### [WORK INSTRUCTIONS]
Please keep to the lines below from the one with "piwnica - przyziemie" through the one with "据衡山融媒消息,3月13日上", and restate them word for word, ends included.

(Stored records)
---*---

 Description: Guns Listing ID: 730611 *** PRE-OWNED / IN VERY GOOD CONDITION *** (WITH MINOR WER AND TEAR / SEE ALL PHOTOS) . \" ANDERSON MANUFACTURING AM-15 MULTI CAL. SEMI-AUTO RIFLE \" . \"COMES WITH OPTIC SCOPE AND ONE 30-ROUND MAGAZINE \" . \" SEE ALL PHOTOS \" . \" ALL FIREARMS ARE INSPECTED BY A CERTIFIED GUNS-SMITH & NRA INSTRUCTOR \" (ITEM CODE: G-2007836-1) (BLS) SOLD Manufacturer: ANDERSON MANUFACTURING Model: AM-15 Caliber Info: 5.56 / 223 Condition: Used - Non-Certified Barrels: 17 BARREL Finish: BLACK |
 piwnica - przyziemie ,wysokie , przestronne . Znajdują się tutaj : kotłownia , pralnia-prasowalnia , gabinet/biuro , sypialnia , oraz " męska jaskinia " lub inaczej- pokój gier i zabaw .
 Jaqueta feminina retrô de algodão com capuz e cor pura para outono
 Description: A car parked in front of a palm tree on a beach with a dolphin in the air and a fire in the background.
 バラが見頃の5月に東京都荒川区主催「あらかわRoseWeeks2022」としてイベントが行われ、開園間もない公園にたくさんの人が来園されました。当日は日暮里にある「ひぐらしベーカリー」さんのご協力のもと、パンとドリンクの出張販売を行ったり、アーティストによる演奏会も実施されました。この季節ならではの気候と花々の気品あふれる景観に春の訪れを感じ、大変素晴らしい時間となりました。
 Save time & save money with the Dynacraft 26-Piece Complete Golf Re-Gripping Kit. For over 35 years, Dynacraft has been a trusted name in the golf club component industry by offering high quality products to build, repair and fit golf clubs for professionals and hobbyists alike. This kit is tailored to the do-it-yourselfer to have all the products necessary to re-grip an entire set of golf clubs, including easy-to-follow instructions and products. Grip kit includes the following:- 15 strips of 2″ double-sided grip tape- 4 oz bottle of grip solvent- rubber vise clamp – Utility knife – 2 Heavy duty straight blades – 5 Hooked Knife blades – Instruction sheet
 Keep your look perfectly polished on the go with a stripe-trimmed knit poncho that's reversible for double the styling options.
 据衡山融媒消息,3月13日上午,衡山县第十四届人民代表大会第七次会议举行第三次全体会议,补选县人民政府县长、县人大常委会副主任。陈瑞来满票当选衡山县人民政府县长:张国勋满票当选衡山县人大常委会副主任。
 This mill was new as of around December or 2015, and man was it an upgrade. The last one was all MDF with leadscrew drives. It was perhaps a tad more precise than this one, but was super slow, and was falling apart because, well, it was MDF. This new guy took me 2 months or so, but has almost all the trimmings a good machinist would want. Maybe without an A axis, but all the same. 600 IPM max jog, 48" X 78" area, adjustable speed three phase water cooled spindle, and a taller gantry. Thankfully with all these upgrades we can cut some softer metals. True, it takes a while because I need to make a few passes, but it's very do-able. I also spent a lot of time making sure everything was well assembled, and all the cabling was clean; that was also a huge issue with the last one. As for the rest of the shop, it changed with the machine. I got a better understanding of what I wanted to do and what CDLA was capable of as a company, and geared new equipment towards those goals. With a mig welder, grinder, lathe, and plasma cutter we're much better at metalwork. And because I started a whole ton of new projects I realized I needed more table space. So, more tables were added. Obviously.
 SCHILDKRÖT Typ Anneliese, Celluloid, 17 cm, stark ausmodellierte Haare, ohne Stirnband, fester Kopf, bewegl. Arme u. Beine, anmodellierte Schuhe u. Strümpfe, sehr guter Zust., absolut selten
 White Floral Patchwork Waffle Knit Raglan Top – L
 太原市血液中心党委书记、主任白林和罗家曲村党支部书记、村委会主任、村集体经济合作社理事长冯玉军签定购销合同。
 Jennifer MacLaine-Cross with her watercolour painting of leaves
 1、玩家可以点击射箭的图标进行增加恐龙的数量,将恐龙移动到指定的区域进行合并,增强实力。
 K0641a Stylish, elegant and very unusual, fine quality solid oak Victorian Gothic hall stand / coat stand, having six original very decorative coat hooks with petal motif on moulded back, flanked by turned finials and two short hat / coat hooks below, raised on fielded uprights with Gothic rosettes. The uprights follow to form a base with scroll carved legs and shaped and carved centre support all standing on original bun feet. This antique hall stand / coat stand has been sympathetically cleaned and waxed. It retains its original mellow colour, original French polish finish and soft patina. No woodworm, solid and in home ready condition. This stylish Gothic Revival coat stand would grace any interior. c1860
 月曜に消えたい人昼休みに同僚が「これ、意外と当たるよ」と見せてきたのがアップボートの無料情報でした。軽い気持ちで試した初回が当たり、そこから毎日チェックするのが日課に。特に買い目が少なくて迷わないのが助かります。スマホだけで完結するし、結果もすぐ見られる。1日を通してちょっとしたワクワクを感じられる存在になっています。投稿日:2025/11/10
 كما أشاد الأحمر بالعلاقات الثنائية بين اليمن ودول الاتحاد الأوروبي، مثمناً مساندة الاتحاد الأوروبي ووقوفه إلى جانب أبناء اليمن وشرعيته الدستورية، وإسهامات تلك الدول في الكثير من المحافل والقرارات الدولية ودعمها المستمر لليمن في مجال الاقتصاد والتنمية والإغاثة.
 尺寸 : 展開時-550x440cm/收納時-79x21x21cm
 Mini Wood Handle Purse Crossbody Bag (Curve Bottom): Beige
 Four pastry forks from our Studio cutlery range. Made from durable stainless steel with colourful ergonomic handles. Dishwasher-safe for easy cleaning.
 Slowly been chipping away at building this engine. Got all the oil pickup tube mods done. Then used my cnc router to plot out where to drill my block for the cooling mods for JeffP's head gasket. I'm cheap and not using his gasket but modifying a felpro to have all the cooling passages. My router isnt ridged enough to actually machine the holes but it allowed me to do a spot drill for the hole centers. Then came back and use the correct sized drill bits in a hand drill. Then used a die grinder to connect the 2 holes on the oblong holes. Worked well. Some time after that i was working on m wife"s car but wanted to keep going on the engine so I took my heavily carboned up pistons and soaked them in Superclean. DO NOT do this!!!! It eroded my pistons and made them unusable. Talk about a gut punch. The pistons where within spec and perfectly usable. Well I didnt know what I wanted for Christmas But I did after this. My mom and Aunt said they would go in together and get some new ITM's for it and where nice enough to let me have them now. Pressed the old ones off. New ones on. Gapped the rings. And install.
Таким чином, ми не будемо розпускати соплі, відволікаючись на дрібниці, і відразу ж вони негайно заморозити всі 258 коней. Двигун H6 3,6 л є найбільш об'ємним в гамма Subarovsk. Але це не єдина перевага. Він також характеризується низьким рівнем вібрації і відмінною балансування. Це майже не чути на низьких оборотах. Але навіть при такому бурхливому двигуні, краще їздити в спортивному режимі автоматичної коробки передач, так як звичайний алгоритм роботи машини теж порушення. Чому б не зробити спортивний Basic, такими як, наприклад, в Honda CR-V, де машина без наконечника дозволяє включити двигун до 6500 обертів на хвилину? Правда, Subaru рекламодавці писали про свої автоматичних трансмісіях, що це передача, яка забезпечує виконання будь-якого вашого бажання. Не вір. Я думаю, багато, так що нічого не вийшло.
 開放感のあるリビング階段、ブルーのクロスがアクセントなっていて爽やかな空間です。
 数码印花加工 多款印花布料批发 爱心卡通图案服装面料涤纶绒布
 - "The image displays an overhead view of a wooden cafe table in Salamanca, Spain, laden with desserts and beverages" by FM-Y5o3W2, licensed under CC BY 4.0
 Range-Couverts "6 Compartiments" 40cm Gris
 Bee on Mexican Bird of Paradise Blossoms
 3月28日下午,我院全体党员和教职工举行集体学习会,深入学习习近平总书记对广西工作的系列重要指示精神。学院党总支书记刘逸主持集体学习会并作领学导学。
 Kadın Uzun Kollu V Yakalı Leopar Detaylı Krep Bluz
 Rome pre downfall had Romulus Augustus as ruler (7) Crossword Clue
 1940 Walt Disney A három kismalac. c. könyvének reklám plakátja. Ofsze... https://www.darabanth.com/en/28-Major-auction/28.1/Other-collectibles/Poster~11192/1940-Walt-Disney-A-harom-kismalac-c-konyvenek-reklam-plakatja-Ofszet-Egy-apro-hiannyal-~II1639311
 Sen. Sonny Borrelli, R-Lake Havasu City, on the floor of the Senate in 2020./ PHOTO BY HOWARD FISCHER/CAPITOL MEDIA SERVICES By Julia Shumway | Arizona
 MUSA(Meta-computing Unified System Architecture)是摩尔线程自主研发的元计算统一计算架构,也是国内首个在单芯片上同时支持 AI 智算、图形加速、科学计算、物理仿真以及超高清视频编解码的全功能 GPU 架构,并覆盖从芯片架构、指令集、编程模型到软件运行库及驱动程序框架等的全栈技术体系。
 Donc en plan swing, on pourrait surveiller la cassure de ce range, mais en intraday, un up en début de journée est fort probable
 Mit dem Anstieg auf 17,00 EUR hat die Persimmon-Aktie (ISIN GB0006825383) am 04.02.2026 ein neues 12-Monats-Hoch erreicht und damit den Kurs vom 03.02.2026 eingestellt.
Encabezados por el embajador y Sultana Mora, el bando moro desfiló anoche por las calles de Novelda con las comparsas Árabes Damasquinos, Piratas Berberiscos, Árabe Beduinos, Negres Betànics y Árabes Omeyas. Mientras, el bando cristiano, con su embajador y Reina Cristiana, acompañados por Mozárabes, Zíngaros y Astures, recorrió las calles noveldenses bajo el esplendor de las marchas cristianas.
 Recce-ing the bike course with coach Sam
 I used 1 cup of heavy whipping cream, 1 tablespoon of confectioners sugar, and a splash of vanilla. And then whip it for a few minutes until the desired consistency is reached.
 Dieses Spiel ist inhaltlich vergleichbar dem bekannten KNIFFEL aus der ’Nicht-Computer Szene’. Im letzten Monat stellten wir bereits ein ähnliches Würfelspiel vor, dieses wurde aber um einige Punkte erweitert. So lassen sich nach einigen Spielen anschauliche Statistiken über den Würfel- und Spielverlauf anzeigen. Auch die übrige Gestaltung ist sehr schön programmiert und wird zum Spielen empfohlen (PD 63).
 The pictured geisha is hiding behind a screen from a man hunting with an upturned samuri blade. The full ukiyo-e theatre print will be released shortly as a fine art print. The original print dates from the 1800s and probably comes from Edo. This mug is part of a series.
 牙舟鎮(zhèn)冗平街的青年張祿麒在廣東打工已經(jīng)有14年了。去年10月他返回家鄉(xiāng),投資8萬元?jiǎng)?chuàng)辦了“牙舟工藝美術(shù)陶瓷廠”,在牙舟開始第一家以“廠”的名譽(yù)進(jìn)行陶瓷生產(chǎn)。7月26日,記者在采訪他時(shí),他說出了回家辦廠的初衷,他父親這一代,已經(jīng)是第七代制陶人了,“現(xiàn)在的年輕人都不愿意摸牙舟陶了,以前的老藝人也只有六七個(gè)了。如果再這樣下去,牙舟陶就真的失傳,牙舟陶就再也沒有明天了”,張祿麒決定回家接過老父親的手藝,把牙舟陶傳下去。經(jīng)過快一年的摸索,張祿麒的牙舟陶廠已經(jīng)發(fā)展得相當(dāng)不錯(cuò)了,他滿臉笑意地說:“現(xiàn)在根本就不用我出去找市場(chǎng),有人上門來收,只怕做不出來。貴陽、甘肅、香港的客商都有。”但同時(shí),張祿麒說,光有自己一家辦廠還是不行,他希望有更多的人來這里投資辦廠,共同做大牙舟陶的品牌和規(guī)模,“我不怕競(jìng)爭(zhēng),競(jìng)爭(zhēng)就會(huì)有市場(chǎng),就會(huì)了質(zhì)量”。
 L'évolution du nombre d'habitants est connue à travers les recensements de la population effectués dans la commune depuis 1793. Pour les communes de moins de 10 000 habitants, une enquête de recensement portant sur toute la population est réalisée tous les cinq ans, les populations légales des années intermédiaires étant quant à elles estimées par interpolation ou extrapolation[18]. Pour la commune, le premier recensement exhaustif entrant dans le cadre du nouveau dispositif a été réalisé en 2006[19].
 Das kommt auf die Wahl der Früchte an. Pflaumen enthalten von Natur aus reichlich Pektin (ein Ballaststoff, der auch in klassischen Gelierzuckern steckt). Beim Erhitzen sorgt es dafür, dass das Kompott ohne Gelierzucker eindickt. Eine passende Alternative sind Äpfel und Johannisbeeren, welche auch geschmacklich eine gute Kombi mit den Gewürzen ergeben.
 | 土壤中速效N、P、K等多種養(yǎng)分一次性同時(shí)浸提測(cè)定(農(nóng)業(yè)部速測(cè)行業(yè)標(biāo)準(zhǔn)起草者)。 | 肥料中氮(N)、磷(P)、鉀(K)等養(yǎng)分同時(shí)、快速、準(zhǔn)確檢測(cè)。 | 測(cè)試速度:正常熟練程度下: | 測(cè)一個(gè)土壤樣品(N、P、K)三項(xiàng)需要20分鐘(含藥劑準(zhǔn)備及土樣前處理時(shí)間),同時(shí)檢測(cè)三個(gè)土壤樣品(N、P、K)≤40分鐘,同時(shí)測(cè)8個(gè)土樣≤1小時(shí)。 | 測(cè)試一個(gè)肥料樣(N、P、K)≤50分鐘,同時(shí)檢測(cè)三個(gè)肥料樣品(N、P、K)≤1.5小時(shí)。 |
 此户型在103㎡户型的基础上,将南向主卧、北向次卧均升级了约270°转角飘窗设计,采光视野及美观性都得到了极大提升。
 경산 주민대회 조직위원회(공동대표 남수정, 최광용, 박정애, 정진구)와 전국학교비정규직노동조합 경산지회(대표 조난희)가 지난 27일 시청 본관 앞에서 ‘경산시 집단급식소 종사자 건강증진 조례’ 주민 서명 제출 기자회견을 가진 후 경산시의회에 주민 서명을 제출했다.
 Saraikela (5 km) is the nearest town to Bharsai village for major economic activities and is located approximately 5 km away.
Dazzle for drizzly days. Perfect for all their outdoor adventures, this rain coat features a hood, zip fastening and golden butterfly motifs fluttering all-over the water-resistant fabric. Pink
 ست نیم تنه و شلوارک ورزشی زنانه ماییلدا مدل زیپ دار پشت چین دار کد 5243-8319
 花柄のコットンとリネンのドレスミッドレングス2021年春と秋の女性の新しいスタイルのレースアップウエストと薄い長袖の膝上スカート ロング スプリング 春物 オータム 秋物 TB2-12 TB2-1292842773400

---*---

### [ANSWER TO THE EXERCISE]
 piwnica - przyziemie ,wysokie , przestronne . Znajdują się tutaj : kotłownia , pralnia-prasowalnia , gabinet/biuro , sypialnia , oraz " męska jaskinia " lub inaczej- pokój gier i zabaw .
 Jaqueta feminina retrô de algodão com capuz e cor pura para outono
 Description: A car parked in front of a palm tree on a beach with a dolphin in the air and a fire in the background.
 バラが見頃の5月に東京都荒川区主催「あらかわRoseWeeks2022」としてイベントが行われ、開園間もない公園にたくさんの人が来園されました。当日は日暮里にある「ひぐらしベーカリー」さんのご協力のもと、パンとドリンクの出張販売を行ったり、アーティストによる演奏会も実施されました。この季節ならではの気候と花々の気品あふれる景観に春の訪れを感じ、大変素晴らしい時間となりました。
 Save time & save money with the Dynacraft 26-Piece Complete Golf Re-Gripping Kit. For over 35 years, Dynacraft has been a trusted name in the golf club component industry by offering high quality products to build, repair and fit golf clubs for professionals and hobbyists alike. This kit is tailored to the do-it-yourselfer to have all the products necessary to re-grip an entire set of golf clubs, including easy-to-follow instructions and products. Grip kit includes the following:- 15 strips of 2″ double-sided grip tape- 4 oz bottle of grip solvent- rubber vise clamp – Utility knife – 2 Heavy duty straight blades – 5 Hooked Knife blades – Instruction sheet
 Keep your look perfectly polished on the go with a stripe-trimmed knit poncho that's reversible for double the styling options.
 据衡山融媒消息,3月13日上午,衡山县第十四届人民代表大会第七次会议举行第三次全体会议,补选县人民政府县长、县人大常委会副主任。陈瑞来满票当选衡山县人民政府县长:张国勋满票当选衡山县人大常委会副主任。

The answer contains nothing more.